In the table below, we’ve included the main headings and areas you could look to map against. The list isn’t exhaustive, and you may have other items you want to include. For projects below you may wish to further split into ‘t-shirt sizing’ (e.g. Simple, medium, complex, etc.)
Capability Set Up |
Discovery & Delivery |
Service Model |
Infrastructure |
Onboarding |
Project Delivery |
Maintain and Run |
Environments |
Training |
New Projects |
Scheduling |
Build |
Governance |
Change Projects |
Release & Deploy |
Maintain |
Peer Reviews |
Regulatory Projects |
Out of hours support |
Upgrade |
Procurement |
Continuous Improvement |
Management & Control |
Service Management |
Process Discovery |
Exceptions |
User administration |
Does it depend on what organizational model we have?
The short answer is yes, but it is more dependent on your delivery model. How much and what is produced and completed by the business and how much by a central function.
Your Centre of Excellence in all models can be a cost center that is either charged out to users or centrally funded. The same can be said of your Service Costs and your infrastructure. The difference in these latter two areas is how you will charge back based on usage.

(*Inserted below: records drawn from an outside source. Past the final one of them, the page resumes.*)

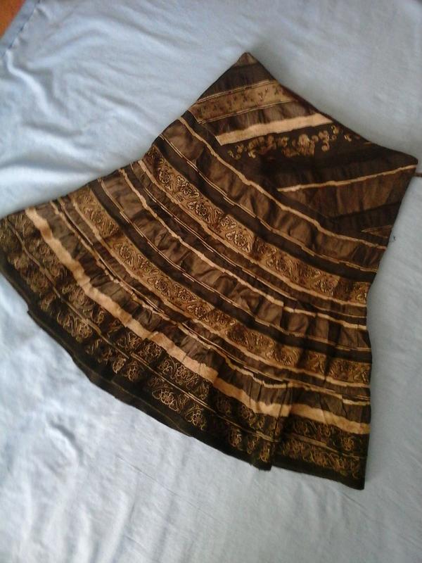 Юбка красивого оливково-зеленого цвета, немного трапецией, застегивается сбоку на замочек. На рост 1,60 до середины колена
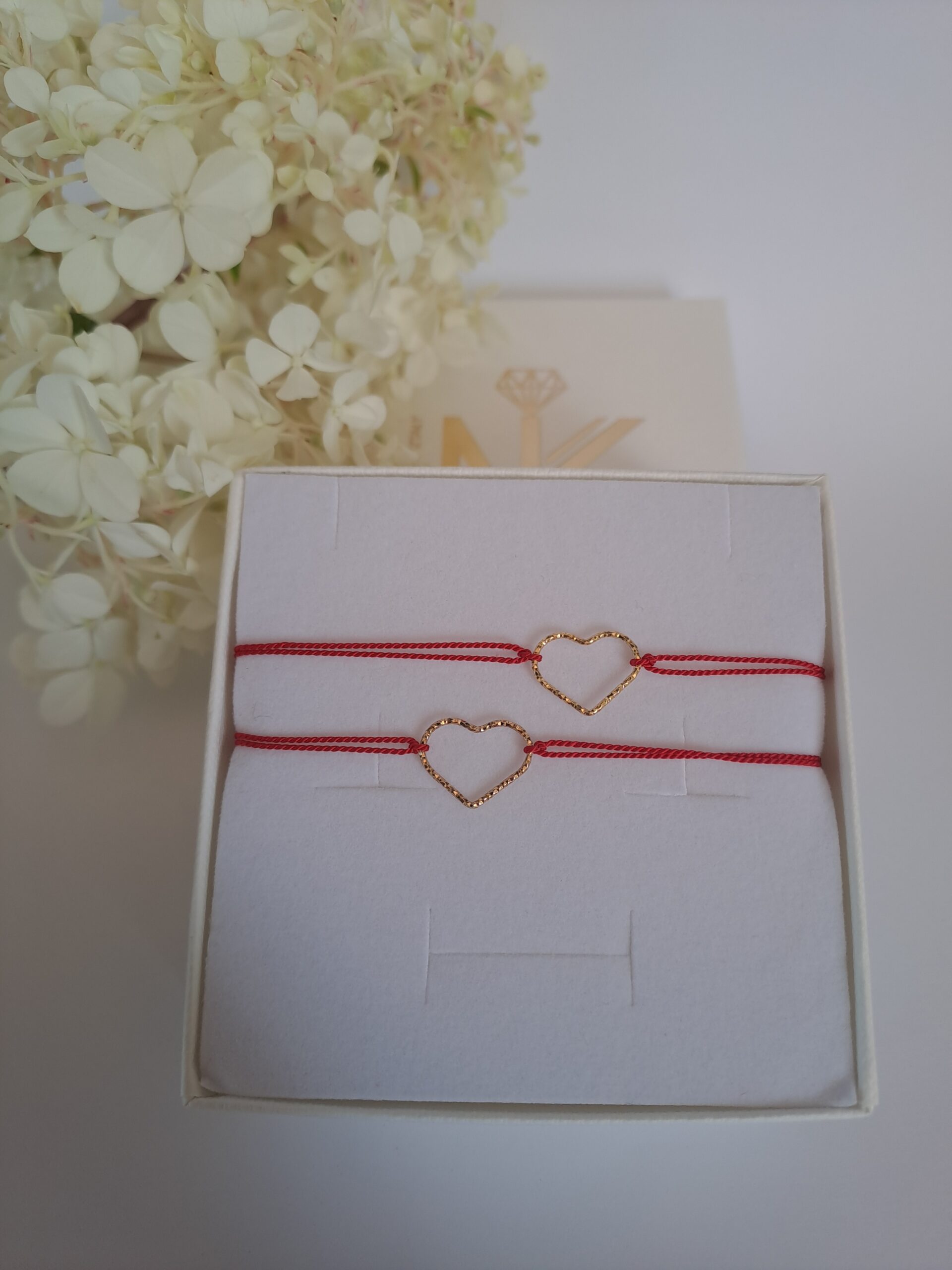 Bransoletki na czerwonej nici ze srebrnym pozłacanym sercem ,cena obejmuje 2 bransoletki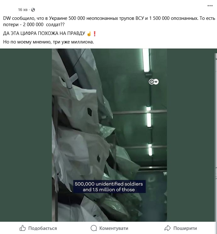 Social media accounts and pro-Kremlin websites have amplified claims that Ukraine’s wartime losses have reached 2 million troops, citing what they allege is a report by Deutsche Welle. Posts circulating in Russian-language channels assert that the outlet counted “500,000 unidentified” and “1.5 million identified” Ukrainian soldiers, using the figure to mock statements by President Volodymyr Zelenskyy.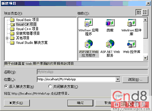 4、 使用"文件"――"新建"――"项目"命令,在项目类型中选择"Visual C#项目",在"模板"中选择"Asp.Net Web应用程序"。在"位置"栏中填写http://localhost/MyWebApp。并选择"添入解决方案"选项。确定。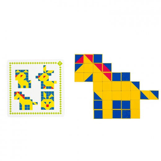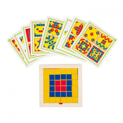В набор также входят восемь карточек с заданиями, рисунок на которых ребёнку нужно будет повторить из деревяшек.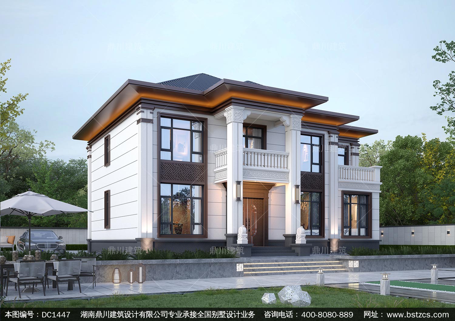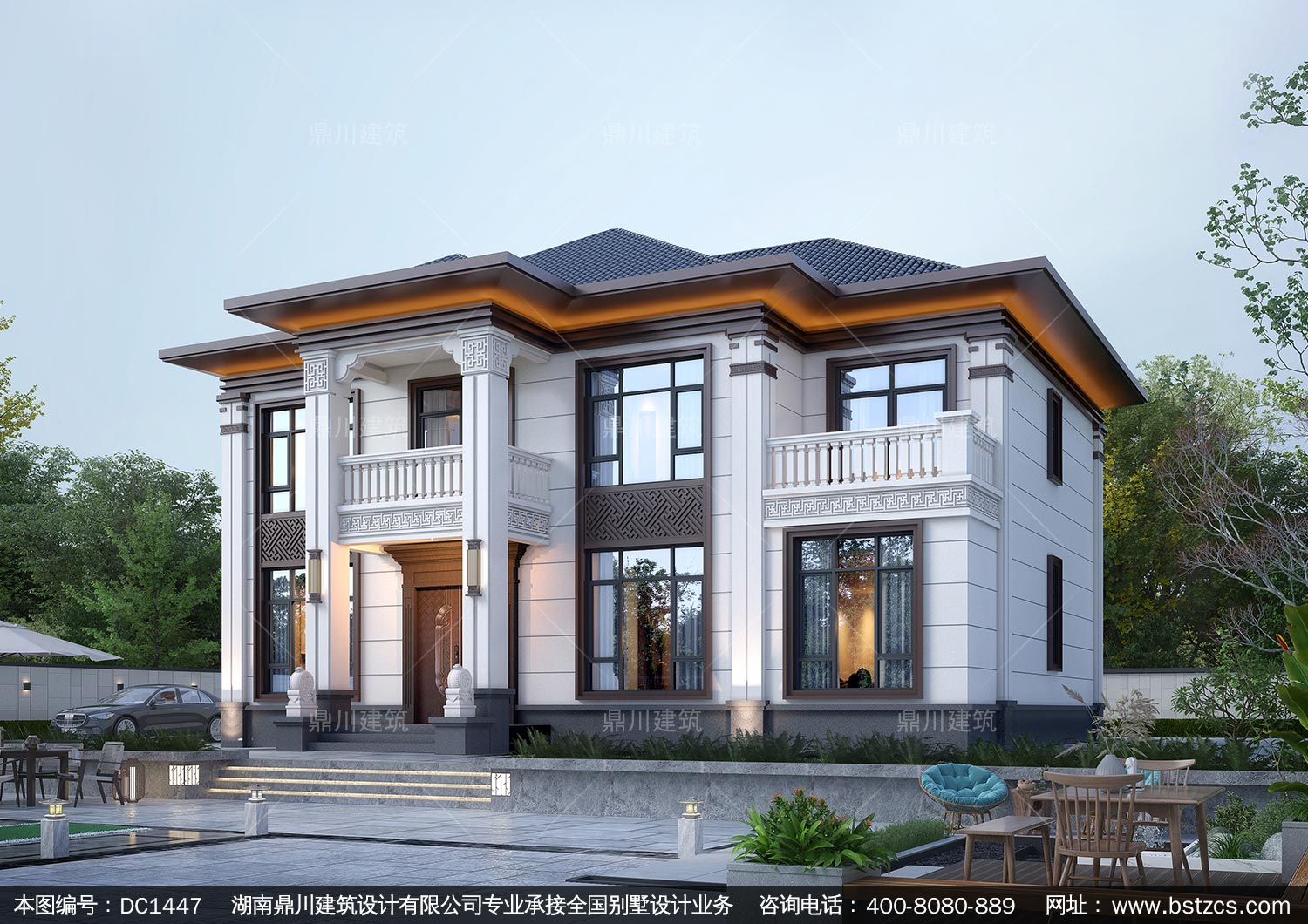 大气新中式二层别墅施工图纸及效果图_农村自建别墅设计,鼎川建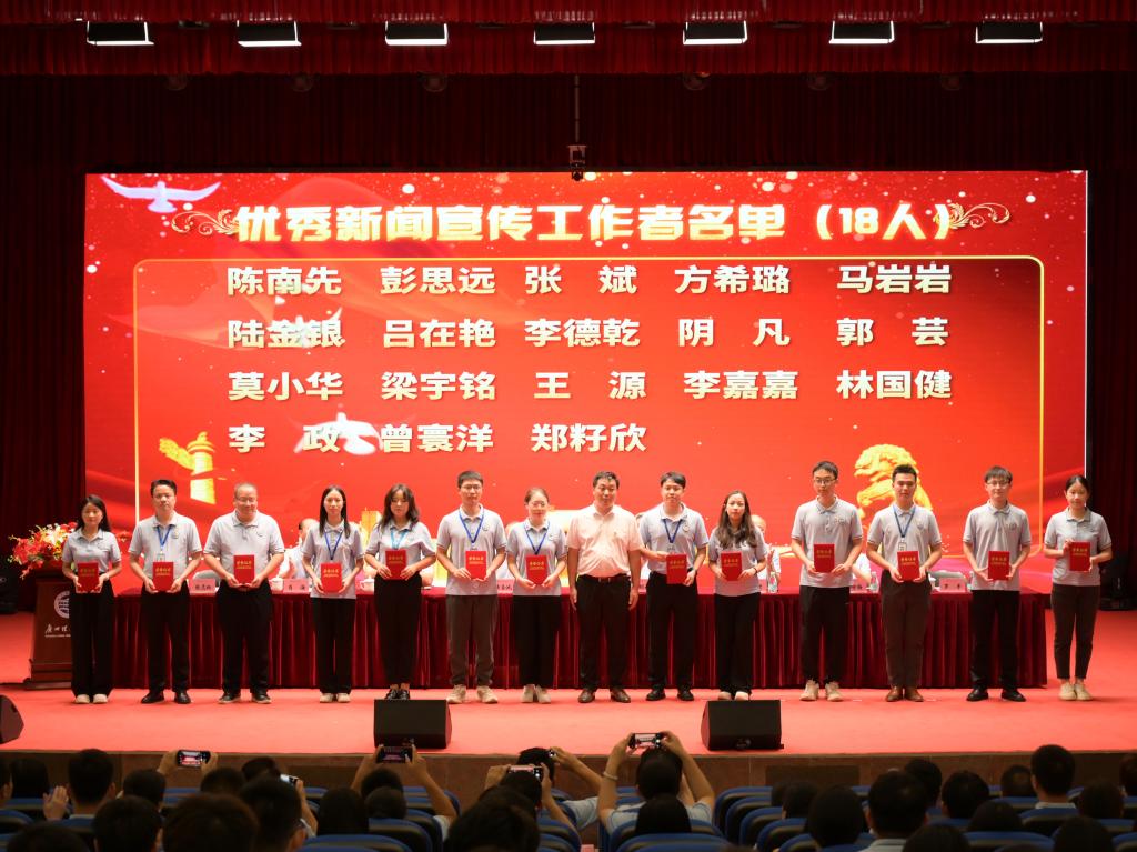 本次大会,共表彰了4个先进党总支,13个员工党支部,72名优秀共产党员,18名优秀新闻宣传工作者,16名优秀党务工作者。其中,公司党总支荣获“先进党总支”称号,公司教工党支部荣获“先进党支部”称号,张宁荣获“优秀党务工作者”称号,彭思远荣获“优秀新闻宣传工作者”称号,钟月月、徐燕宁、赖钰珊、邓垲怡荣获“优秀共产党员”称号。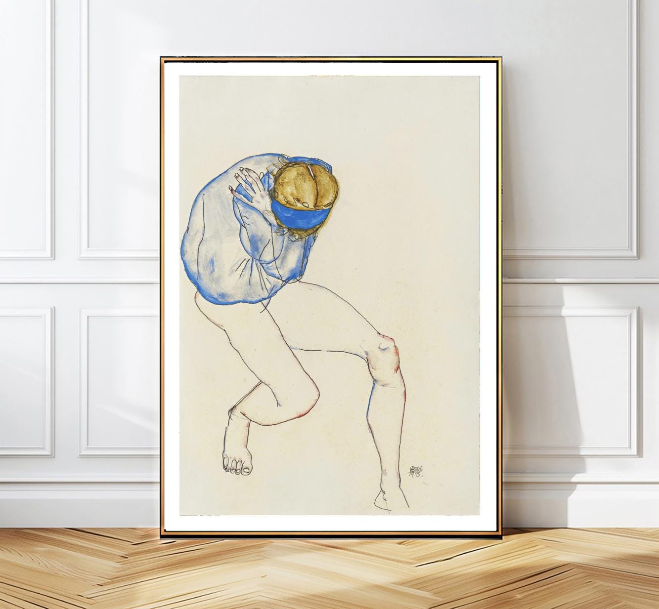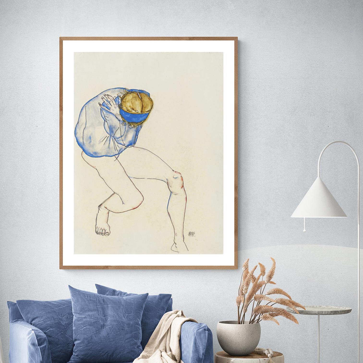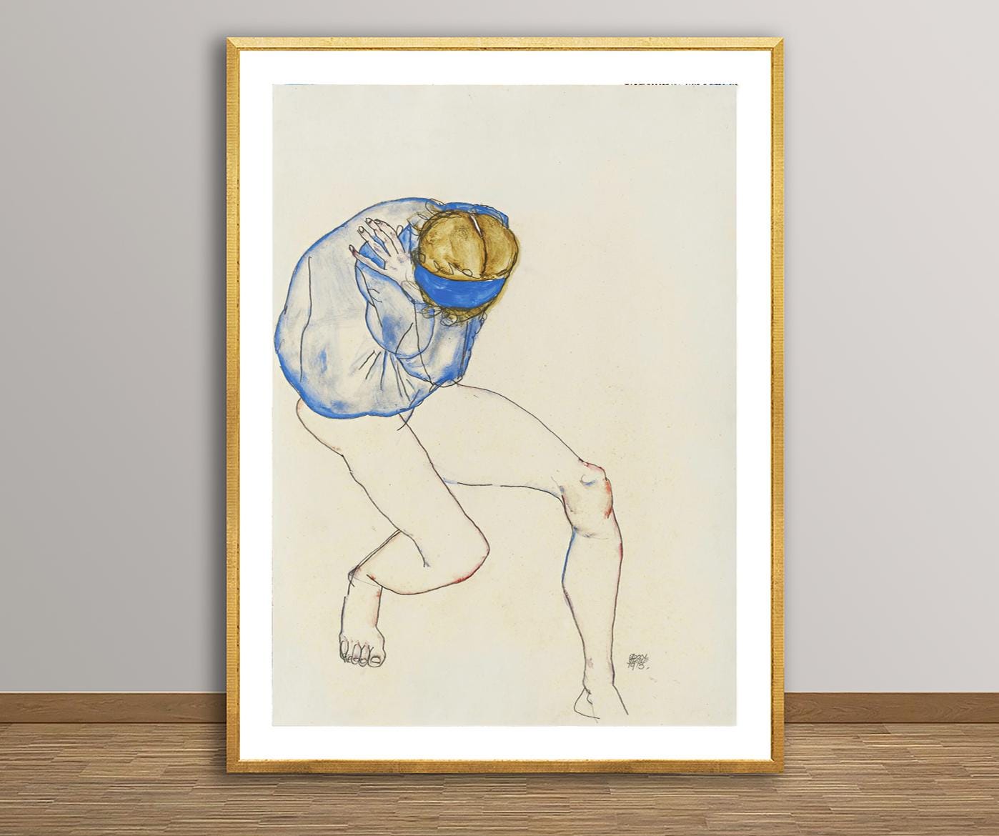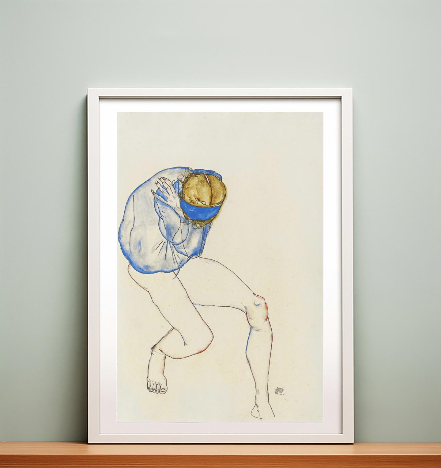 Semi Nude Blond Girl with Blue Shirt and Blue Headband by Egon Schiele by Fine Art Print - Poster Paper or Canvas Print / Gift Idea

Will it be based on licenses, processes in production, hours, volumes, capacity, idle time or effort? We have seen customers use all combinations successfully.
Using the topics above is a great place to start and map your own delivery model against your organization’s normal procedures for common resource and shared facilities.
What challenges should I look out for when introducing a chargeback model?
There are some challenges to be aware of. These are:
- Causing Confusion: In trying to achieve accuracy and total coverage, you come up with chargeable items that confuse people. This leads to people feeling stupid and endless discussions on the matter. Business areas become suspicious that they’re being overcharged and stop collaborating with you.
- Bungling the Bundling: To counter act the problem above, you ‘bundle up’ lots of smaller lines of costs into a single larger ‘bucket’. Business often want just parts of that ‘bucket’ but can’t refuse as it includes things they need for Business as Usual (BAU). This leads to business areas feeling like they have to pay for things they don’t want or need.
- Competing for control: As costs are often a key area of focus in most organizations, you might find that business areas naturally want to control their costs, so they feel they have a right to micromanage automation and have a say in its internal infrastructure, staff costs and processes.
- Forgetting your wallet: It’s essential that the business sets aside budget that is aligned to their goals and objectives when it comes to automation. It’s vital that communication isn’t only had when it comes to the annual forecasting cycle but throughout the year to ensure business have a robust pipeline and providers understand what’s expected. If you are implementing charge back for the first time you will also need to look at transferring budget from IT to the business.
Finally…
Chargebacks are not an end in themselves. They need to be seen from the perspective of a business within a business. They are just one step on a path that gives customers meaningful control of their automation implementation decisions and to help align resource, changing the question from “Can I automate this?” to “Should I automate this”?
The danger is that charge backs can become an administrative overhead that often provides little benefit and prevents the organization from focusing on the possibilities of how automation can benefit the organization and its customers.
The key, at all stages of your model is to understand the vision of why it’s needed, to collaborate with all main stakeholders, be transparent and communicate regularly.
Done correctly, chargebacks can be more than just an accounting methodology, they can drive optimization and efficiency within your organization and add real value to the enterprise vision.